EL VIAJE A LA OTRA CASA

Eliacer Cansino

 

-Hueles a pan –me decía mi amigo Carlos cuando me encontraba con él en el cruce de las avenidas para ir al colegio.

-Y tú hueles a chorizo –le decía yo.

         En realidad, ni yo olía a pan ni él a butifarra, por más que su padre  trabajase en una charcutería  y el mío fuese panadero. Lo que olíamos en realidad era a trabajo. Sobre todo yo olía a trabajo nocturno, a madrugadas de harina, a bombillas encendidas en mitad de la noche, al ruido de la portezuela desvencijada por donde entraba la leña, y a las voces de los hombres que amasaban la harina y golpeaban con sus mazos sobre las mesas.

         Vivíamos en la panadería y el universo de un panadero y el de su familia no es como el de los demás, por eso se nos nota en la cara lo que somos, aunque no olamos a pan ni llevemos el pelo tiznado de harina. Cualquier trabajador regresa a su casa para dormir y si trabaja de noche sale y deja dormir a los suyos. En cambio, en mi casa no ocurría así. A las cuatro de la mañana se iniciaba el ajetreo de los sacos. Lo sabía   porque el portalón trasero que daba al horno comenzaba a golpear una y otra vez con una cadencia obsesiva. Todas las noches me despertaba a esa hora y me daba una vuelta y volvía a quedarme dormido con la satisfacción de que aún me restaban varias horas  hasta el amanecer.

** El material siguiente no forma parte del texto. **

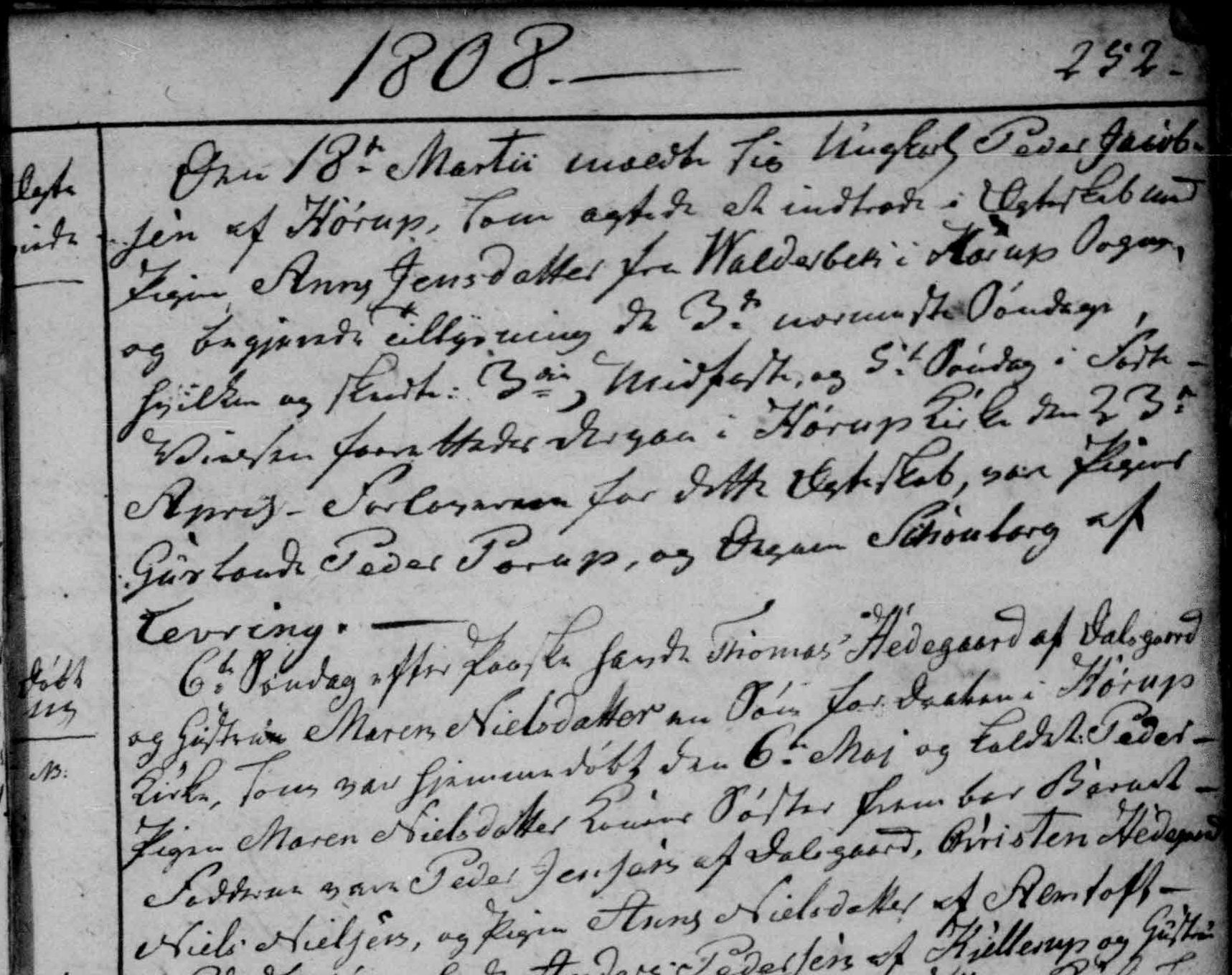 - [S383] The Danish National Archives; Church Records, Peder Jacobsen and Ane Jensdatter marriage record - 18 Mar 1808 - Hørup, Lysgaard, Viborg, Denmark.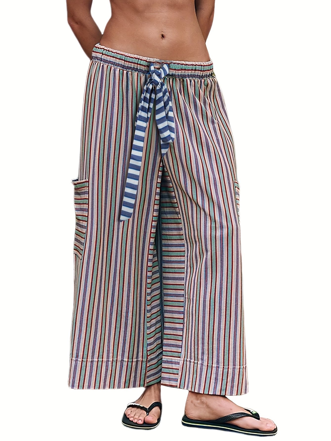Women’s Lightweight Loose Wide Leg Palazzo Pants – Casual Elastic Drawstring Waist with Dropped Pockets, Green & White Striped 100% Polyester Trousers for Springu002FSummer Outings, Spring Attire, Fashionforward Look, Comfortable Fit

         Con los ahorros, mi padre compró una casa en las afueras de Sevilla, cerca de las huertas, en el camino del cementerio de San Fernando. Él, por sí solo, no lo hubiera hecho nunca, pero mi madre en vista de que no íbamos a ningún sitio ni salíamos al cine ni al campo ni jamás íbamos de vacaciones le pidió a mi padre que comprase una nueva casa.  Sería nuestra casa cuando se jubilase y vendiese la panadería y, mientras tanto, la iríamos amueblando, decorando y habitando tan sólo en los meses de verano. Así que cuando se acercaba la fecha mi madre y yo esperábamos ansiosos el viaje a la otra casa. Era nuestro viaje de verano y yo en aquel entonces lo veía tan maravilloso y a la vez tan normal que pensaba que todo el mundo llegado el estío viajaba a su otra casa. Un viaje que no se medía en distancia (no más de quinientos metros separaba una casa de la otra) sino en tiempo. Saltaba del tiempo de la obligación al tiempo de la diversión,  de la dimensión rutinaria de los deberes escolares a la dimensión inusitada del juego sin obligaciones. Dos meses, o sea la eternidad,  me separaban ahora de la rutina, de los ruidos de la panadería, del olor a masa horneada,  de las obligaciones de ayudar a papá los sábados a limpiar el  horno, de los vecinos en cola comprando el pan y pellizcando mi cara como quien pellizca una hogaza  y después se come el trozo. A veces me miraba en el espejo, temiendo que me hubiesen quitado un trocito de mi cara tierna y suave.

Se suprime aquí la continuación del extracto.